I do mainly (95%) practice using double action only at 7-15 yards though, and do pretty well, but it's just so much fun to bring the target out 25+ yards and enjoy having that SA hair trigger option if I want to for a more steady shot, with my 638, or a 649/.357 (shrouded hammers). I know the gun's not meant for that, but the gun can be very accurate at 25 yards, more than me.
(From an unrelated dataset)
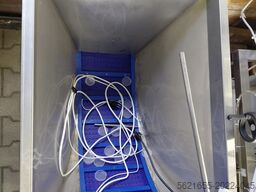 The machine is made of stainless steel and is suitable for operation in industrial lines (food, pharmaceutical, and technical sectors).

Good luck, I hope you buy the right gun for you.
 
Sp101- first choice a tank but feels like it too
m60- second choice but cost more
taurus 85- cheap but still most are good for SD
 
So I went shooting with my Rossi .38 special Snub today. I shot 100 rounds, 50 .38's and 50 .38+P's. The solid steel frame definitely handles the +P's pretty well, and the regular .38's are easy to shoot. I practiced only Double action. I started at 10 yards, shooting 1 every second or so. I was able to keep 14 out of 15 on a regular sized piece of paper with a copy of a target on it (+P's and regulard .38's). I didnt always change my targets, so I didnt keep to good of track. Then I shot at 5 yards and was able to keep about 7 or 8 of 10 in the 6 inch target, with a couple hitting the paper outside the target. I can hit a pop can pretty consistently at 10-15 yards if I use single action.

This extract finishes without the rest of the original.